Delmore argued, however, that there was nothing unusual about the judge’s actions in the Swearingen case. He said judges regularly ask the winning side of a case to draft final recommendations. Delmore said he has submitted a 12-page recommendation outlining prosecutors’ findings that Swearingen is guilty and rejecting claims of innocence based on the scientific evidence. Judge Edwards has not yet signed the document, but has indicated he will.

“He was basically doing the opposing counsel a favor, because they avoided wasting a bunch of time preparing findings that weren’t going to be signed,” Delmore said.

During the hearing in February, the state presented experts who refuted scientists for the defense and said that the girl’s body could have been in the forest for more than three weeks.
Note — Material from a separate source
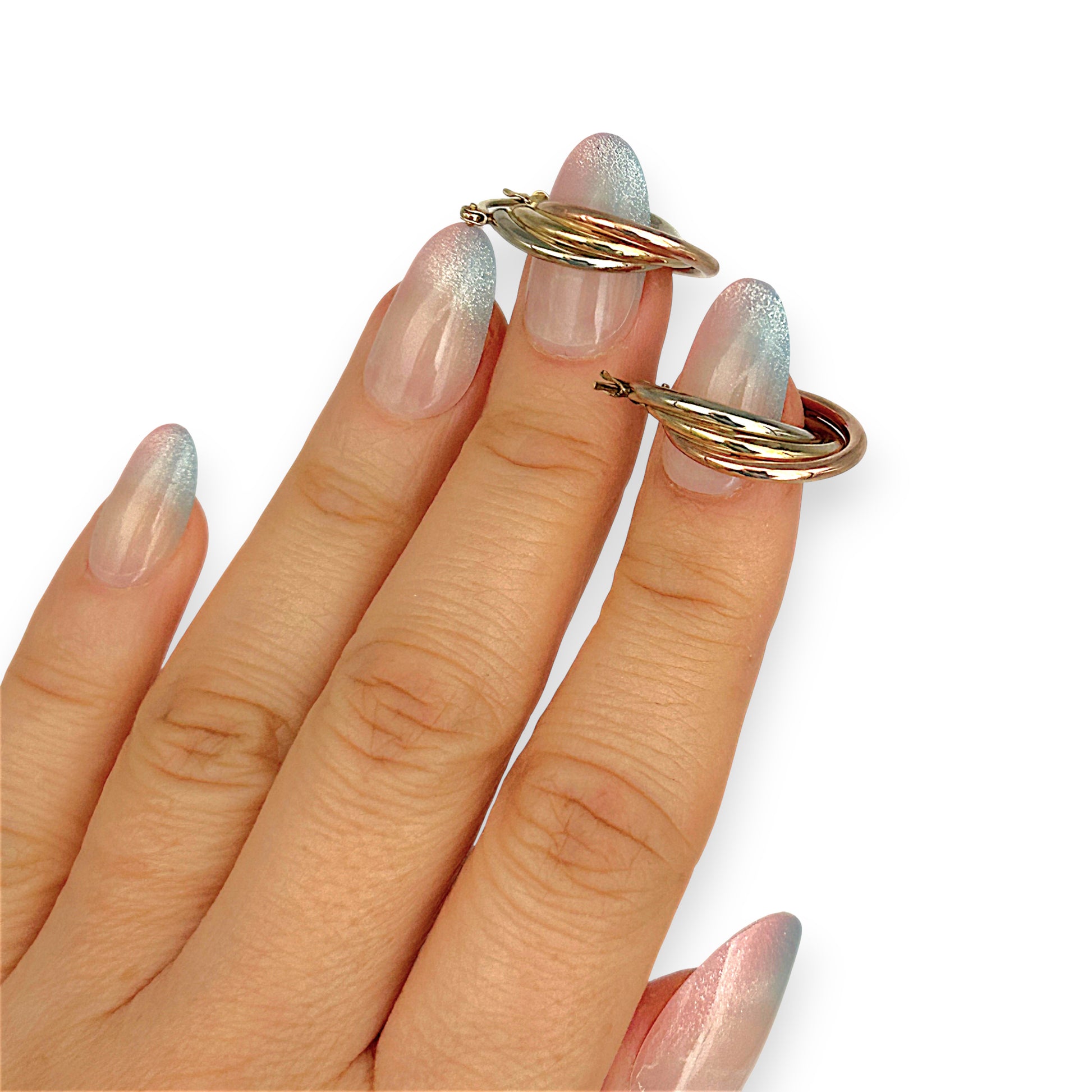 nzgolddealersGOLD DEAL | 9ct Y/W/R Gold Tricolour Harmony Hoop Earrings 22.9mm
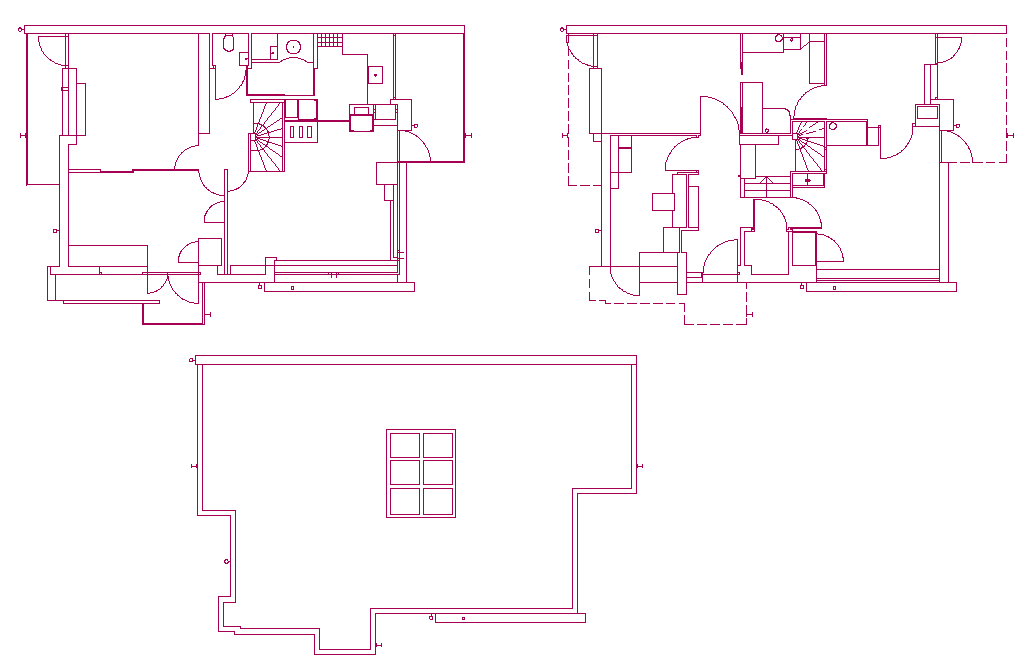 Single family home plan dwg file, stair detail, furniture detail in window and door detail, hidden line detail, ground floor to roof plan detail, etc.

Among the state’s witnesses was the elderly Dr. Werner Spitz, who also testified in the high-profile trials of Casey Anthony and O.J. Simpson, among others.

“It’s perfectly plausible, based on all the scientific evidence, that she was killed on the date of her disappearance,” Delmore said. “And there’s no reason why Swearingen couldn’t have committed the offense.”

Rytting said he plans to file objections to the judge’s recommendations. And he said he hoped the Court of Criminal Appeals would find little credibility in Edwards’ findings.

“I think that the Texas Court of Criminal Appeals will look at this closely,” Rytting said. “And they will realize the evidence of innocence is overwhelming.”